-- RECORDS FOR THIS EXERCISE --
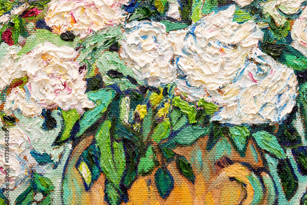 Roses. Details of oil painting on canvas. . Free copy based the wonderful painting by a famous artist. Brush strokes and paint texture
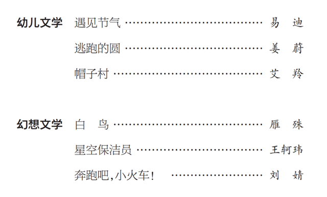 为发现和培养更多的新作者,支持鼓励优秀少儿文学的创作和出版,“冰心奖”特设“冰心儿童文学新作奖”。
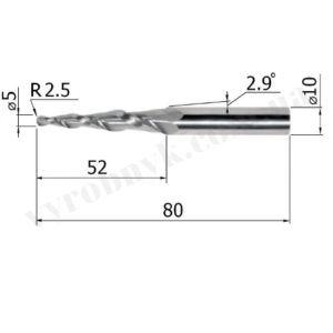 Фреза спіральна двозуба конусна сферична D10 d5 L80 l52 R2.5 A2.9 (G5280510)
...
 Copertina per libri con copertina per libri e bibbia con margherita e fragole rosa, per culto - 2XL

-- EXERCISE --
Between and including the line above that contains "为发现和培养更多的新作者,支" and the line that contains "Фреза спіральна двозуба", restate every line word for word. Pictures stay out.

-- ANSWER FOR THIS EXERCISE --
 为发现和培养更多的新作者,支持鼓励优秀少儿文学的创作和出版,“冰心奖”特设“冰心儿童文学新作奖”。
 Фреза спіральна двозуба конусна сферична D10 d5 L80 l52 R2.5 A2.9 (G5280510)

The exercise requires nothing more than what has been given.